25 Warga di Lopati Bantul Jalani Swab Usai Makamkan Pasien Corona Tanpa Prokes
ยทwaktu baca 2 menit

Kecamatan Srandakan berencana melakukan swab PCR massal kepada puluhan masyarakat di Dusun Lopati, Desa Trimurti Kecamatan Srandakan, Kabupaten Bantul. Swab ini dilakukan setelah pada 1 Juni lalu sejumlah warga memakamkan jenazah pasien COVID-19 tanpa protokol kesehatan.
Berbeda dengan Kampung Mayongan, Desa Trimurti yang memakamkan jenazah pasien COVID-19 tanpa prokes karena keluarga yang tak jujur, kasus di Lopati terjadi karena ada provokasi salah seorang warga. Kasus ini pun dilaporkan relawan ke Polres Bantul.
Camat Srandakan Anton Yuliyanto menjelaskan bahwa kecamatan saat ini masih memantau Lopati.

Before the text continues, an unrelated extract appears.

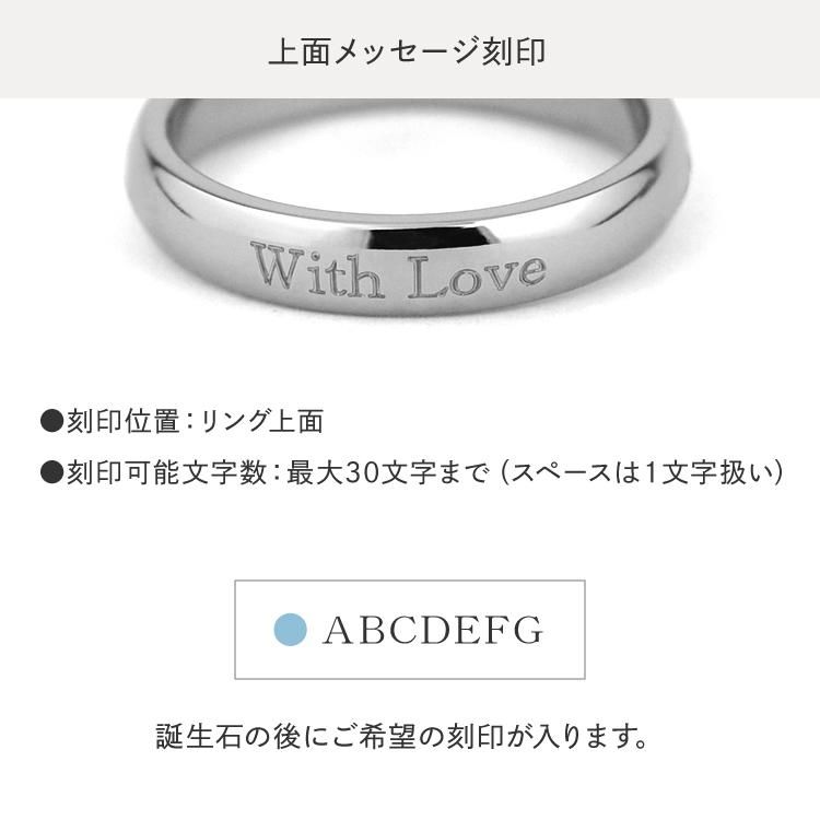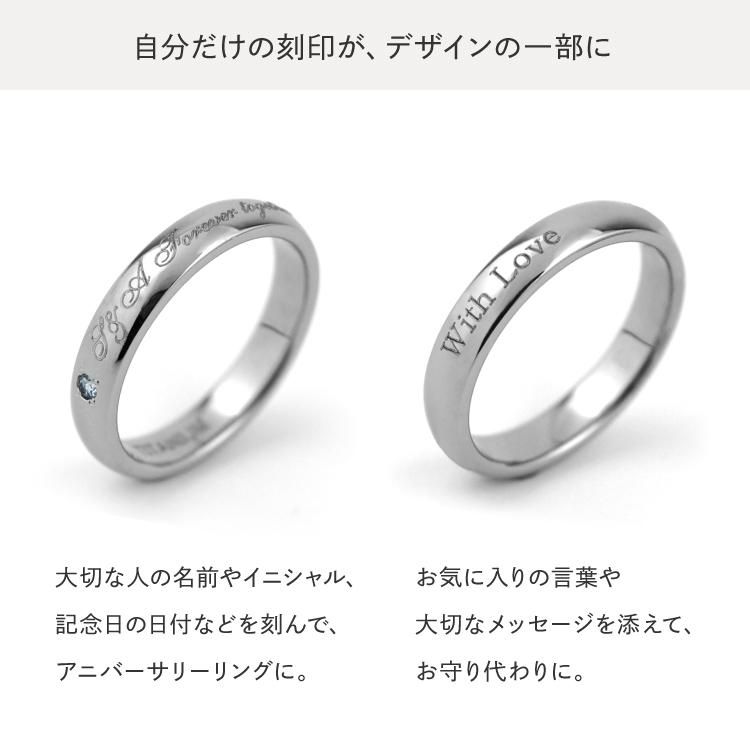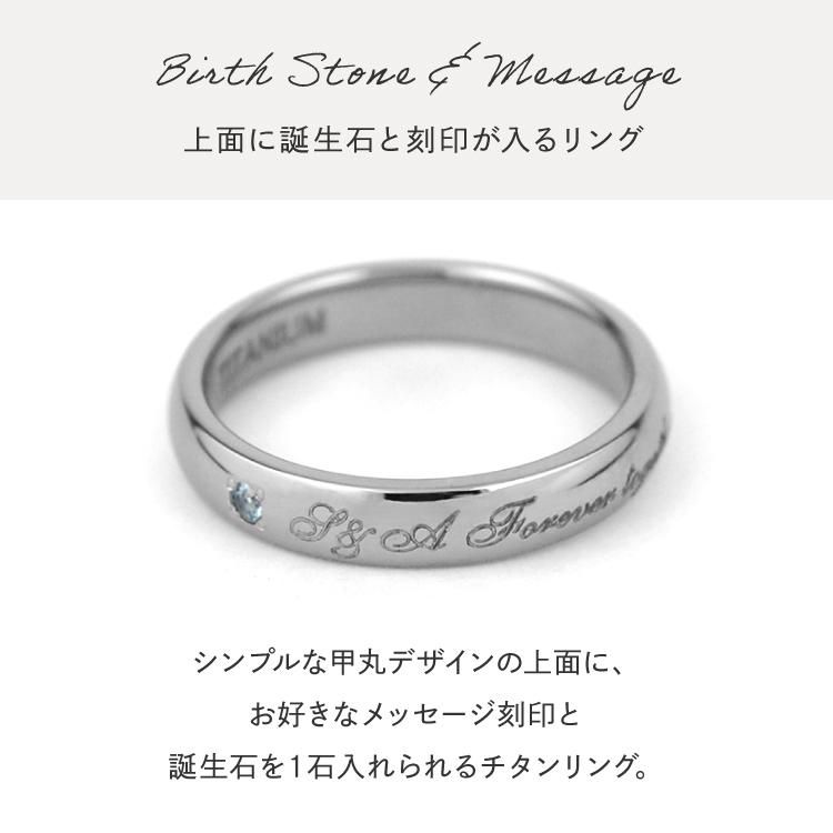 スタンダードな甲丸デザインの上面に、お好きなメッセージ刻印と誕生石を入れられるチタンリング。

Pihaknya terus melakukan pendekatan.
"Mudah-mudahan nanti malam sudah ada hasilnya (untuk swab) dan nanti jadikan bahan untuk perkembangan situasi besok pagi," kata Anton di sela-sela swab kepada warga di Mayongan, Jumat (4/6).
"Besok pagi tetap kita laksanakan jam 9an (swab)," katanya.

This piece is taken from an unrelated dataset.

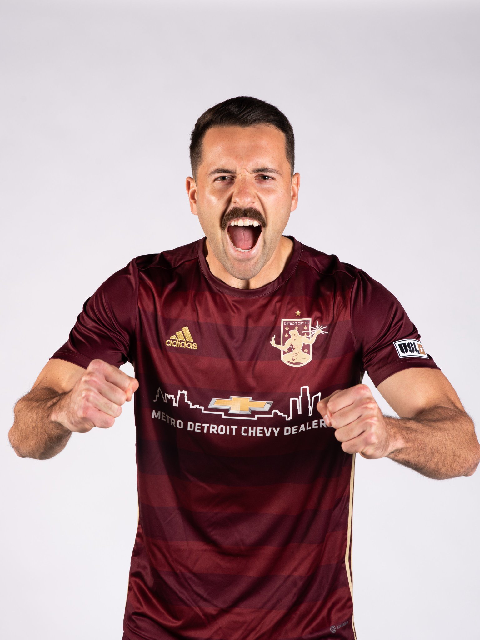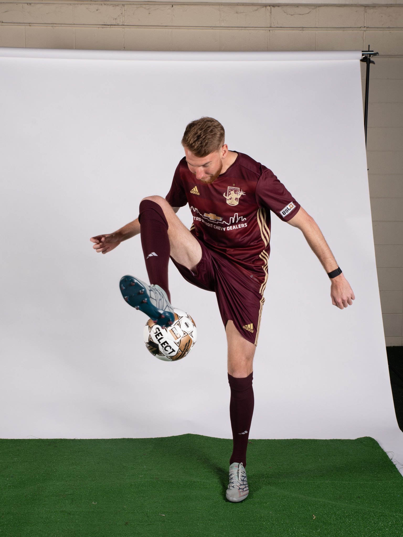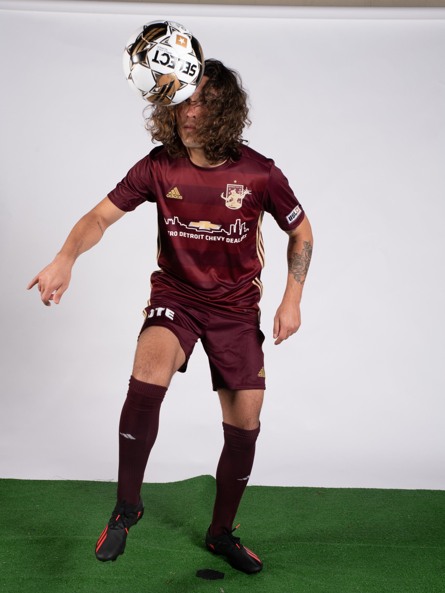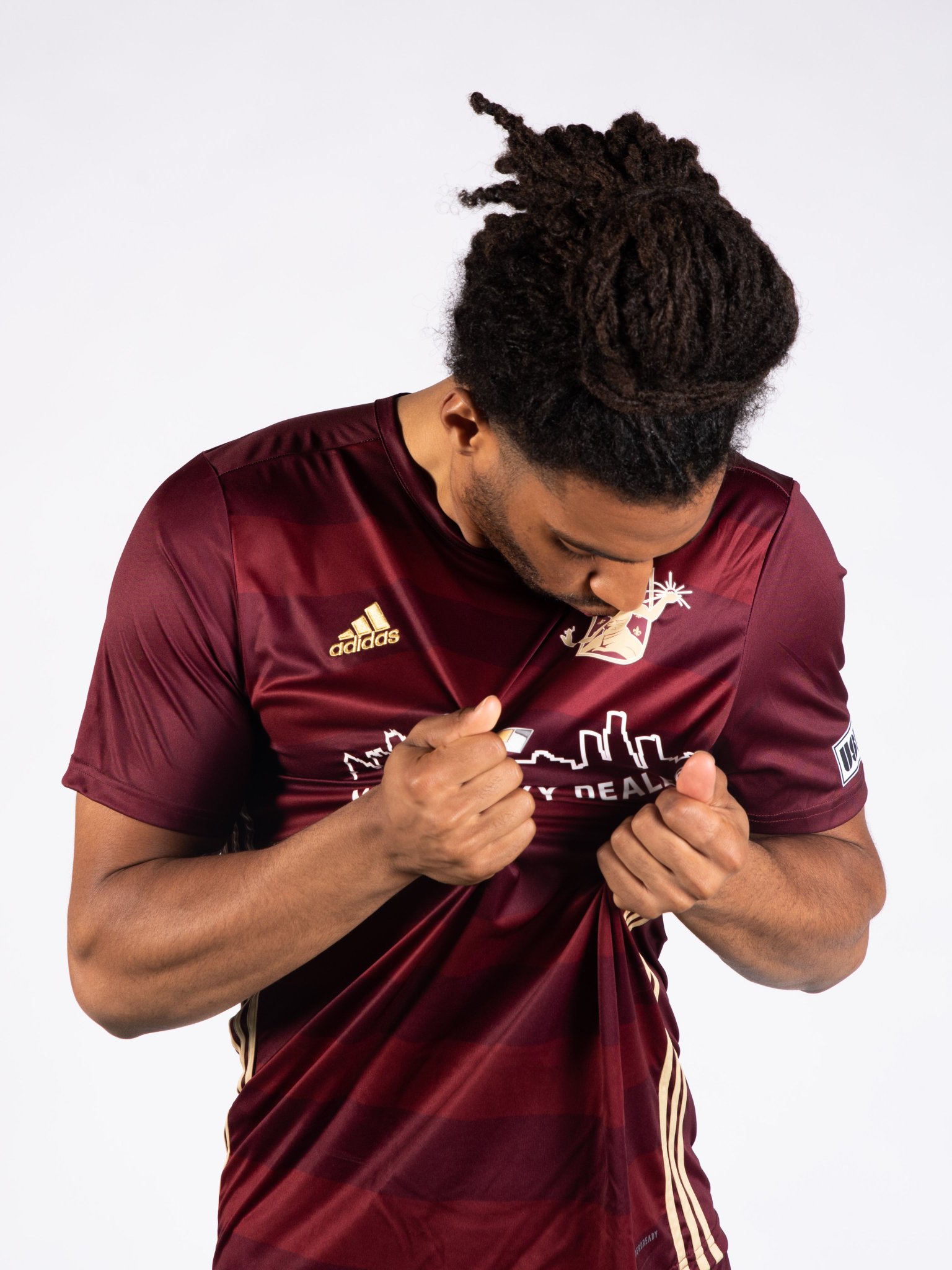 The American USL Championship side’s 2023 primary design features tonal maroon/red horizontal striping to the trunk - the club’s nickname is “Le Rouge” - with the German supplier’s branding in gold.

Dia menjelaskan bahwa pihaknya terus memantau situasi hal ini untuk menyesuaikan pengamanan esok. Untuk warga yang akan diswab, Anton memperkirakan sekitar 25 orang.
"Rencana ada 25-an orang data kemarin. Tapi nanti dalam proses dinilai dan nanti jadinya berapa," katanya.
Sebelumnya, Warga di Dusun Lopati, Desa Trimurti, Kecamatan Srandakan, Kabupaten Bantul menolak jenazah pasien COVID-19 dimakamkan dengan protokol kesehatan. Diduga warga terprovokasi dari seorang warga lainnya.
Relawan yang hendak memakamkan dengan prokes saat itu ditolak dengan alasan hendak memakamkan sesuai adat dan syariat.
"Iya kita melaporkan provokator atas nama A," kata Ketua Forum Pengurangan Risiko Bencana (FPRB) Kabupaten Bantul, Waljito di Polres Bantul, Rabu (2/6).
Pihaknya meminta kepada Polres Bantul untuk menindak persoalan ini. Pasalnya provokator seperti ini dinilai menghambat penanganan corona yang dilakukan pemerintah beserta relawan.
"Kalau alasan dengan syariat kita bisa membaca di fatwa MUI nomor 18 tahun 2020 sudah jelas bahwa seluruh pemakaman terkait COVID-19 jika positif maka harus dengan protokol kesehatan," ujarnya.